Vous vous intéressez au sujet des fermes collectives ? Vous trouverez dans cette synthèse de nombreuses réponses à vos questions : les différents modes de gouvernance et leurs modèles économiques avec deux exemples de fermes différentes.

Cette série de conférences inspirantes a pour but de faire dialoguer les agriculteurs de l’Essonne et les citoyens, et est organisée en partenariat avec Blue Bees, le Programme Sésame de Cœur d’Essonne Agglomération, l’Ademe et Ecocert.

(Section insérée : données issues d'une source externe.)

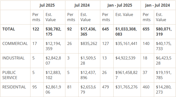 Last month, 122 permits were issued valued at $30.7 million compared to the 92 permits issued in July 2024 worth $17.4 million.

Actuellement, l’un des enjeux majeurs en agriculture est de faire converger les projets d’installation des personnes en reconversion professionnelle et la transmission des fermes. En 2025, 50 % des agriculteurs seront à la retraite, ce qui veut dire que des fermes et des hectares de terre chercheront des repreneurs. Afin que ces fermes et ces terres perdurent et ne soient pas absorbées dans les grandes exploitations agricoles qui s’agrandissent encore et encore, des réseaux alternatifs et des collectifs sont apparus. Leur mission est de transmettre et de restructurer les fermes en aidant les porteurs de projet à s’installer. C’est ainsi que des initiatives telles que la Ferme de l’Envol et la Ferme de Toussacq se sont créées.

 

La Ferme de Toussacq

La Ferme de Toussacq est une ferme de 73 ha située dans le Sud Seine-et-Marne, créée en 2009 dont le foncier et les bâtiments agricoles ont été rachetés par la foncière Terre de Liens en 2011 grâce aux achats de parts dédiées au projet par de nombreux citoyens. En 2016, suite au départ du maraîcher, la coopérative du Champ des Possibles – SCIC (Société Coopérative d’Intérêt Collectif) et ses différents associés (AMAP, salariés, amis), achètent l’outil de production (tracteurs, matériels divers, outils) pour plusieurs dizaines de milliers d’euros. L’outil de production est détenu par la coopérative, donc incessible et mutualisé : il représente une propriété collective et son usage est facturé aux agriculteurs. C’est la coopérative qui s’endette : cela évite aux paysans de porter cette charge et limite l’impact du coût de l’équipement sur leur résultat, et donc leurs rémunérations.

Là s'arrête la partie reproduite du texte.